▶ **Saved entries**:
----------

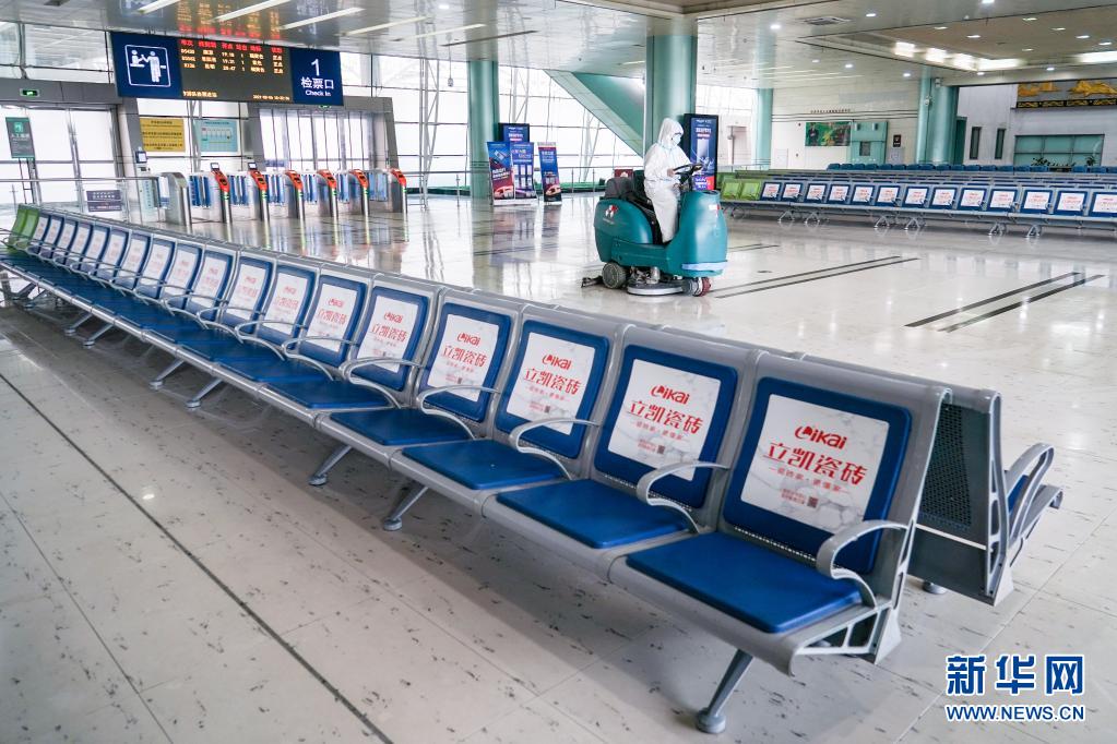 6日、揚州駅の待合室を清掃、消毒するスタッフ。(揚州=新華社記者/李博)
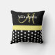 Zwart Wit Geel Monogram Script Polka Dots Kussen
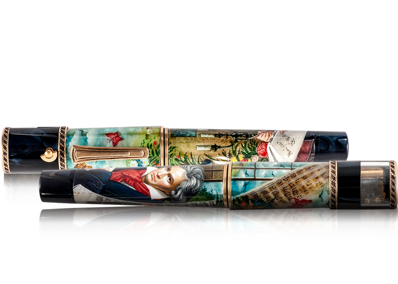 Beethoven Pen CapKrone pays tribute to the musical genius of Ludwig Van Beethoven with a finely crafted writing instrument. The delicately hand-painted mother of pearl cap and barrel capture the essence of Beethoven.
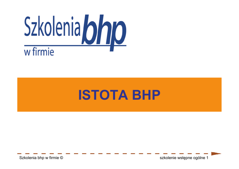 ISTOTA BHP Szkolenia bhp w firmie © szkolenie wstępne ogólne 1 Najważniejsze pojęcia Najważniejsze pojęcia: bezpieczeństwo higiena pracy ochrona pracy Szkolenia bhp w firmie © szkolenie wstępne ogólne 2 Regulacje prawne REGULACJE PRAWNE DOTYCZĄCE OCHRONY PRACY Dział X Kodeksu pracy zatytułowany „Bezpieczeństwo i higiena pracy” reguluje następujące zagadnienia: • podstawowe obowiązki pracodawcy, • prawa i obowiązki pracownika, • obiekty budowlane i pomieszczenia pracy, • maszyny i inne urządzenia techniczne, • substancje chemiczne oraz procesy pracy szczególnie szkodliwe dla zdrowia lub niebezpieczne, • profilaktyczna ochrona zdrowia, Szkolenia bhp w firmie © szkolenie wstępne ogólne 3 Regulacje prawne cd • wypadki przy pracy i choroby zawodowe, • szkolenia, • środki ochrony indywidualnej oraz odzież i obuwie robocze, • służba bezpieczeństwa i higieny pracy, • konsultacje w zakresie bezpieczeństwa i higieny pracy oraz komisja bhp, • obowiązki organów sprawujących nadzór nad przedsiębiorstwami lub innymi jednostkami organizacyjnymi państwowymi albo samorządowymi, • przepisy bhp dotyczące wykonywania prac w różnych gałęziach pracy. Szkolenia bhp w firmie © szkolenie wstępne ogólne 4 Państwowy nadzór nad bhp PAŃSTWOWY NADZÓR NAD PRZESTRZEGANIEM PRZEPISÓW BHP Sejm Minister Zdrowia Państwowa Inspekcja Pracy Państwowa Inspekcja Sanitarna • nadzór i kontrola przestrzegania przez pracodawców prawa pracy, przepisów i zasad bhp, przepisów dotyczących stosunku pracy, np.: - zawierania i wypowiadania umów o pracę, - wynagrodzenia za pracę, innych świadczeń, - czasu pracy, urlopów, uprawnień pracowników związanych z rodzicielstwem; • analizowanie przyczyn wypadków przy pracy i chorób zawodowych; • udział w badaniu okoliczności wypadków przy pracy na zasadach określonych w przepisach prawa pracy. Szkolenia bhp w firmie © Nadzór nad warunkami: ♦ higieny środowiska, ♦ higieny pracy w zakładach pracy, ♦ higieny radiacyjnej, ♦ higieny procesów nauczania i wychowania, ♦ higieny wypoczynku i rekreacji, ♦ zdrowotnymi żywności, żywienia i przedmiotów użytku, ♦ higieniczno-sanitarnymi, jakie powinien spełniać personel medyczny, sprzęt oraz pomieszczenia, w których są udzielane świadczenia zdrowotne. Inne organy Urząd Dozoru Technicznego urzędy górnicze organy nadzoru budowlanego Inspekcja Ochrony Środowiska Państwowa Straż Pożarna Policja szkolenie wstępne ogólne 5 Społeczny nadzór nad bhp SPOŁECZNY NADZÓR NAD PRZESTRZEGANIEM BHP Związki zawodowe Pracownicy lub ich przedstawiciele Społeczna inspekcja pracy (może być powołana tylko jeśli istnieją związki zawodowe) Szkolenia bhp w firmie © szkolenie wstępne ogólne 6 Zakład pracy szkolonego ZAKŁAD PRACY SZKOLONEGO • przedmiot działalności zakładu pracy • struktura organizacyjna zakładu • ogólne rygory bezpieczeństwa, których należy przestrzegać podczas pobytu i poruszania się w zakładzie pracy • proces technologiczny • szczegółowe zasady postępowania zawarte w instrukcjach bhp znajdujących się na terenie zakładu pracy • uregulowania wewnętrzne obowiązujące z zakładzie pracy (w szczególności dotyczące bhp) Szkolenia bhp w firmie © szkolenie wstępne ogólne 7
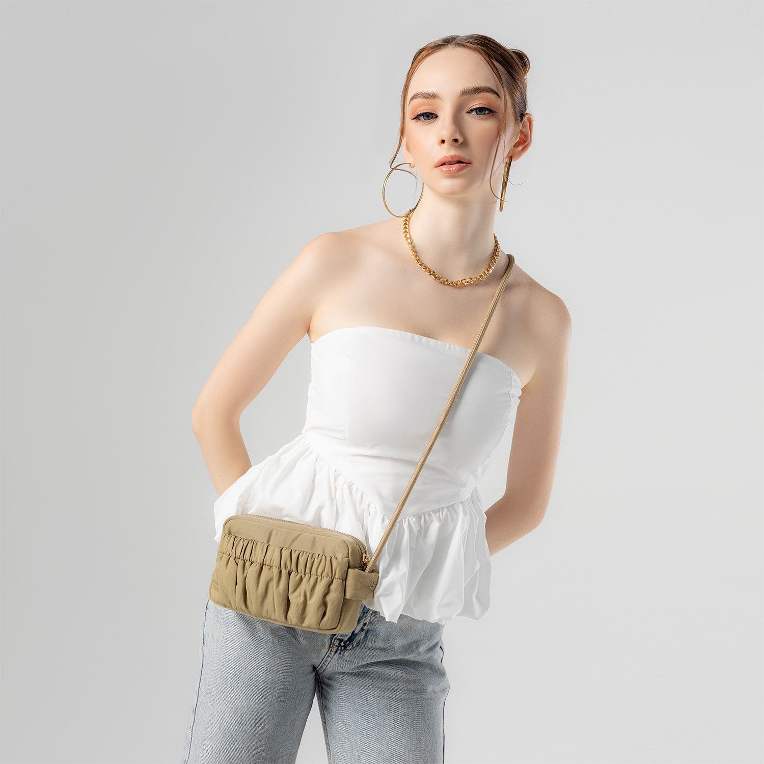 Poofah Crossbody Bag -khaki
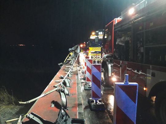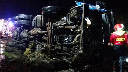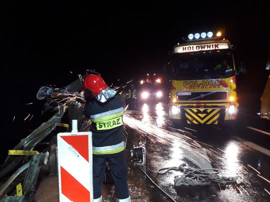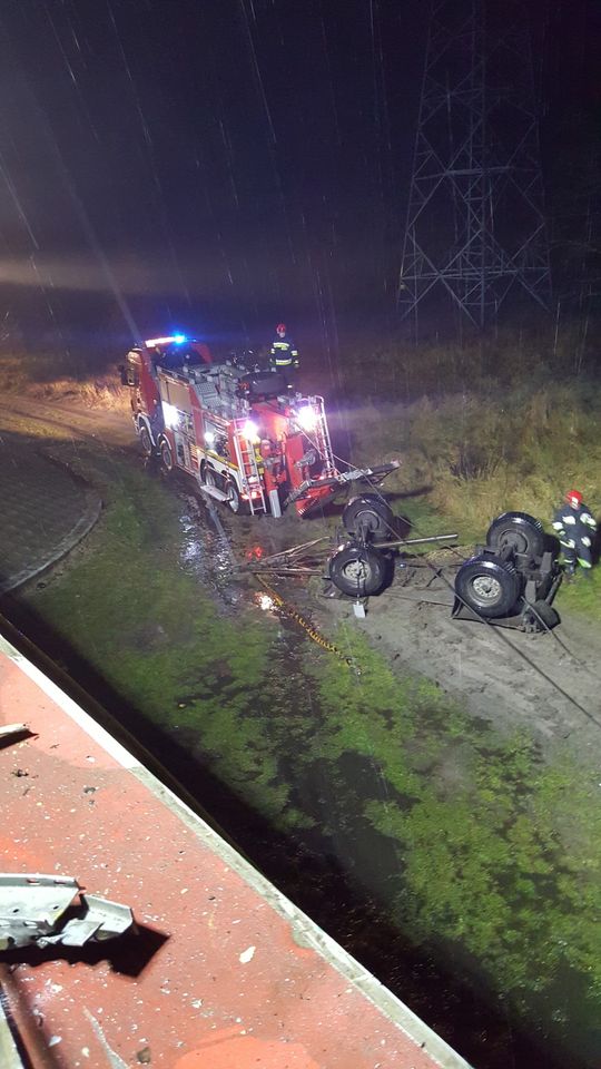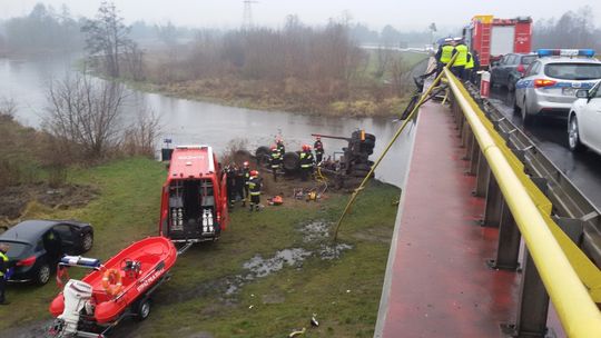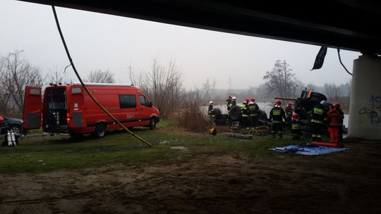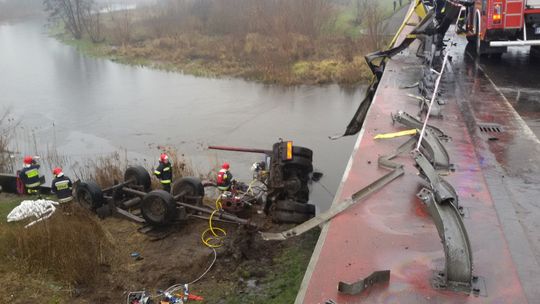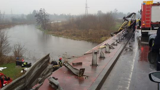 Na miejscu zdarzenia stwierdzono że samochód ciężarowy służący do przewozu drewna przebił barierki na moście i spadł z wysokości
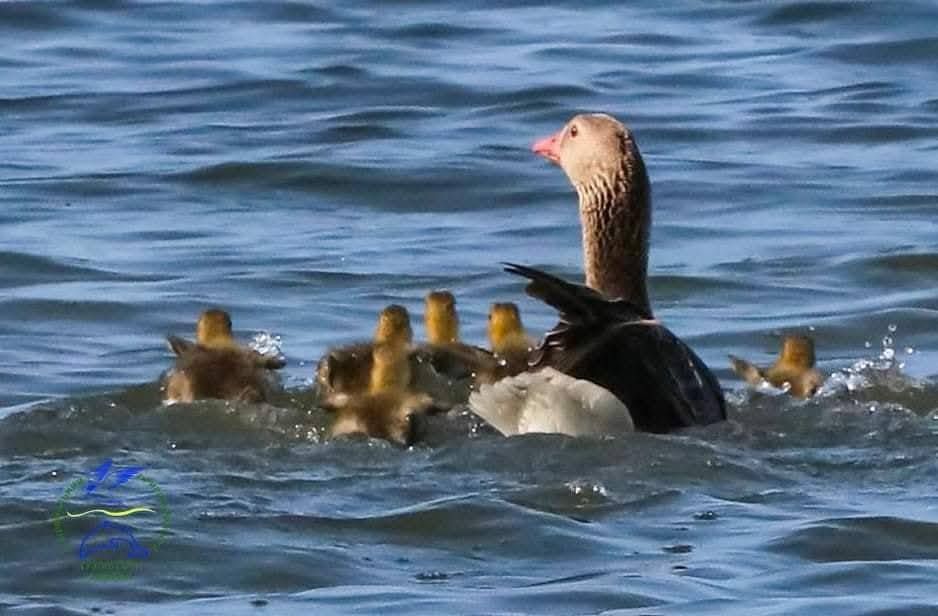 Фото: з допису Івана Русєва — пара сірих гусей із малечею в НПП «Тузлівські лимани»
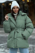 Haki Kapüşonlu Kuşak Detaylı Şişme Mont MG2179
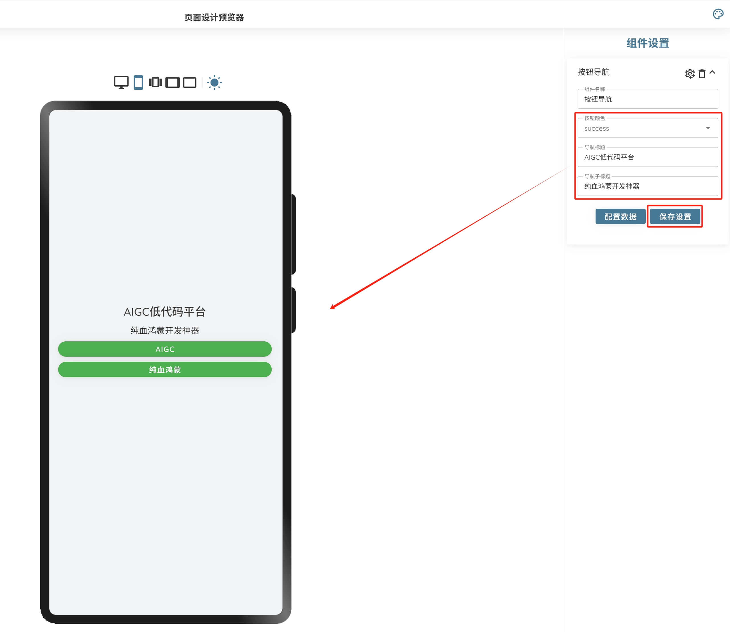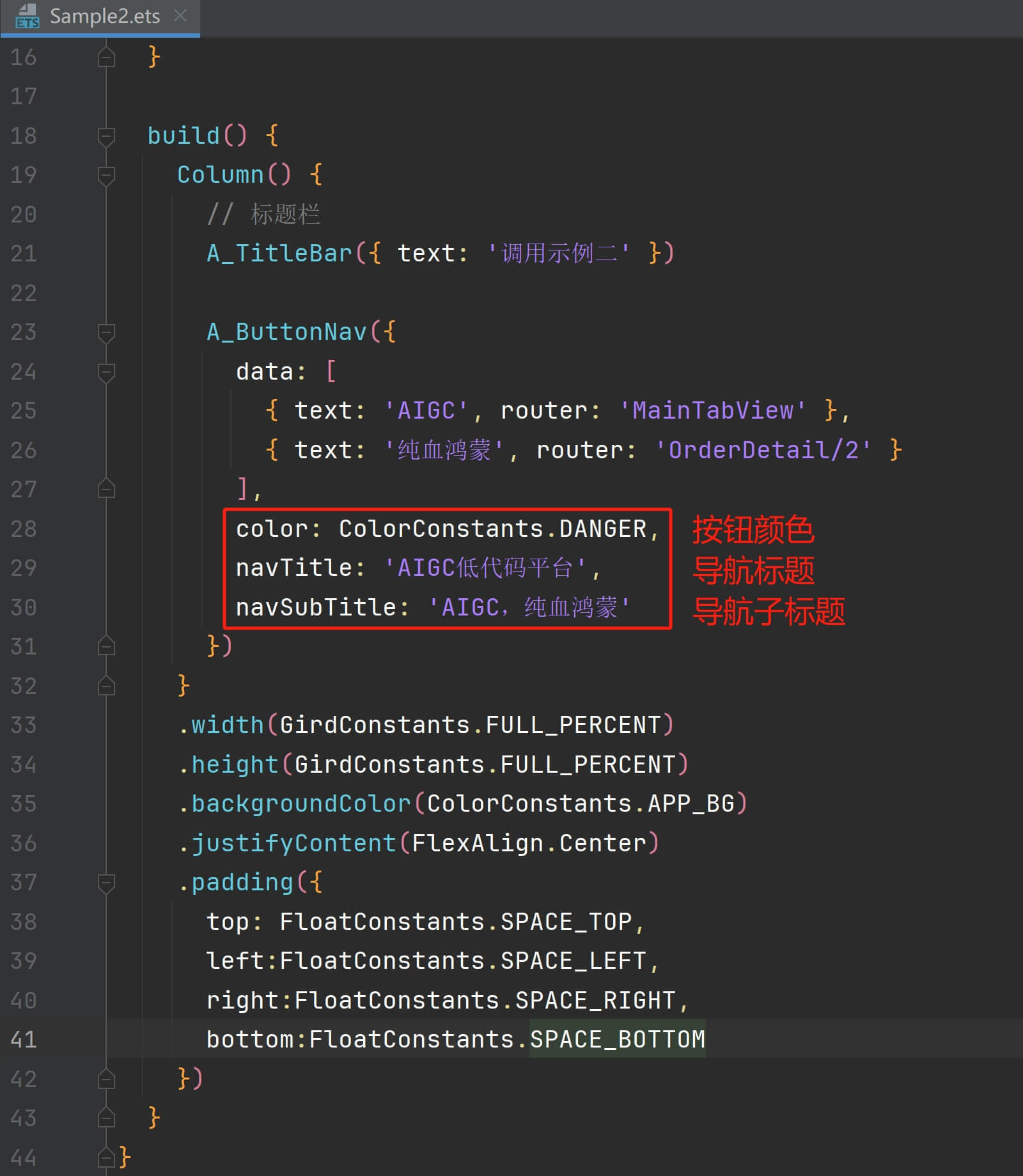 可设置按钮的颜色(color),在颜色常量中有一整套符合鸿蒙官方设计标准的“适配手机、平板、智慧屏、穿戴设备、车机”和“深色模式/浅色模式”的颜色资源定义,还支持按原色分组的 Material Design 调色板。可以根据需要设置导航标题(navTitle)和导航子标题(navSubTitle)。如下图所示:
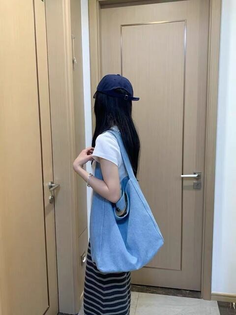 \新作登場!「韓国風のシンプルな大容量トートバッグ レディース 2025年新作 オールマッチ デニム キャンバス バッグ 通勤 ショッピングバッグ」あなたのスタイルを一層引き立てる特別なバッグです!/
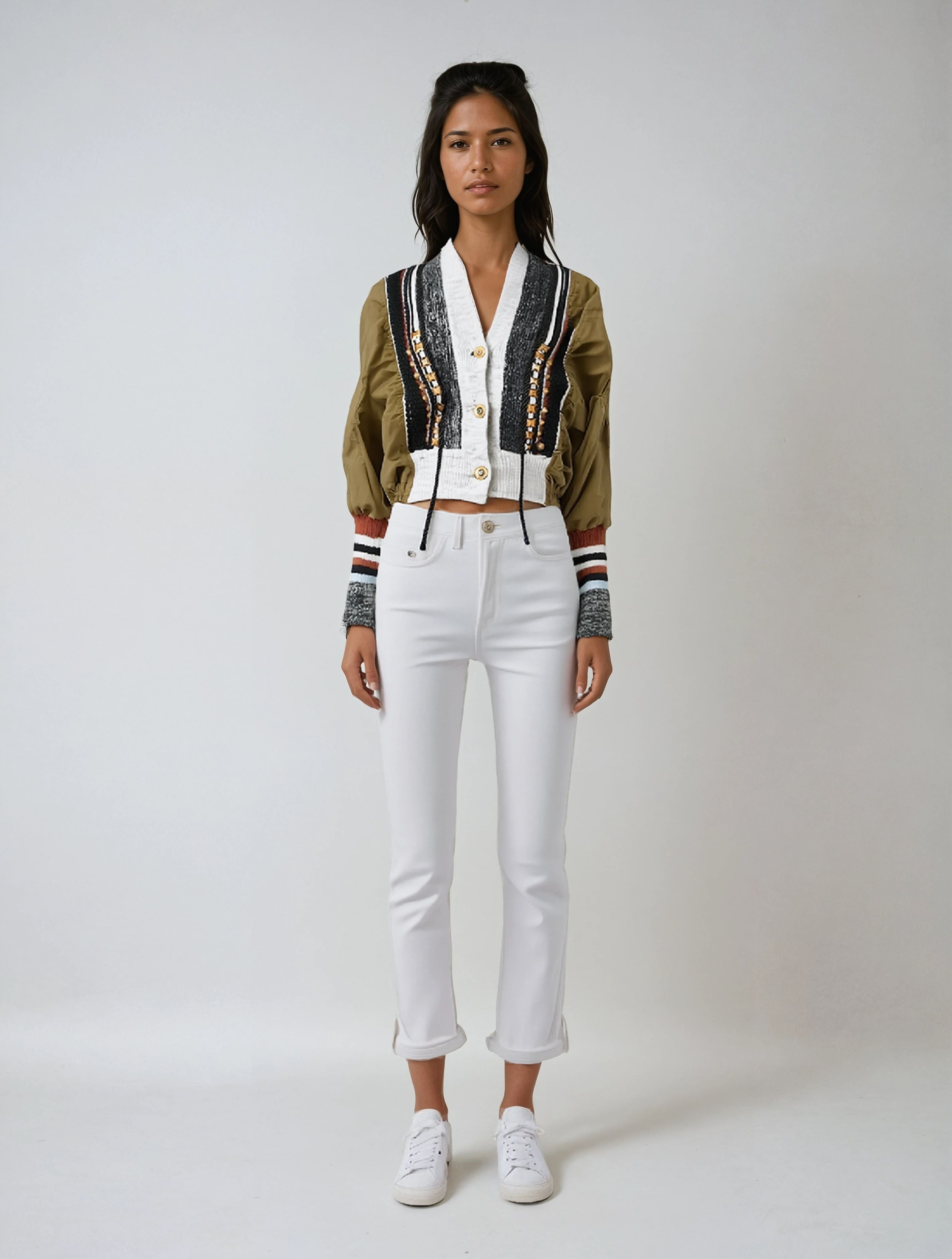 The Rivet Tassel V-Neck Jacket is a bold fusion of eclectic textures and modern streetwear edge. Designed with a deep V-neckline, it features contrasting knit panels with rivet detailing, tassel ties for added drama, and voluminous sleeves crafted from smooth polyester fabric. Striped ribbed cuffs and hem highlight its sporty yet artisanal character, while the cropped length keeps the silhouette sharp and fashion-forward.
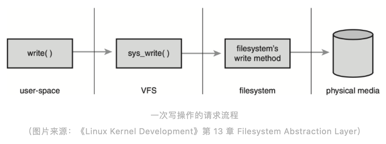 上图是一次写操作的请求流程,在 Linux 里写文件,其实就是一次 write() 系统调用。当你调用 write() 操作请求的时候,它会先到达 VFS,再由 VFS 去调用文件系统,最后再由文件系统去把实际的数据写到本地的存储介质。

----------

▶ **Work instructions**: Output only the lines above from the one containing "Poofah Crossbody Bag -khaki" to the one containing "バッグ 通勤 ショッピングバッグ」あなたのスタイルを一層引き立てる特別なバッグです!/", both included, exactly as written and with no pictures.

▶ **Completed exercise**:
 Poofah Crossbody Bag -khaki
 Na miejscu zdarzenia stwierdzono że samochód ciężarowy służący do przewozu drewna przebił barierki na moście i spadł z wysokości
 Фото: з допису Івана Русєва — пара сірих гусей із малечею в НПП «Тузлівські лимани»
 Haki Kapüşonlu Kuşak Detaylı Şişme Mont MG2179
 可设置按钮的颜色(color),在颜色常量中有一整套符合鸿蒙官方设计标准的“适配手机、平板、智慧屏、穿戴设备、车机”和“深色模式/浅色模式”的颜色资源定义,还支持按原色分组的 Material Design 调色板。可以根据需要设置导航标题(navTitle)和导航子标题(navSubTitle)。如下图所示:
 \新作登場!「韓国風のシンプルな大容量トートバッグ レディース 2025年新作 オールマッチ デニム キャンバス バッグ 通勤 ショッピングバッグ」あなたのスタイルを一層引き立てる特別なバッグです!/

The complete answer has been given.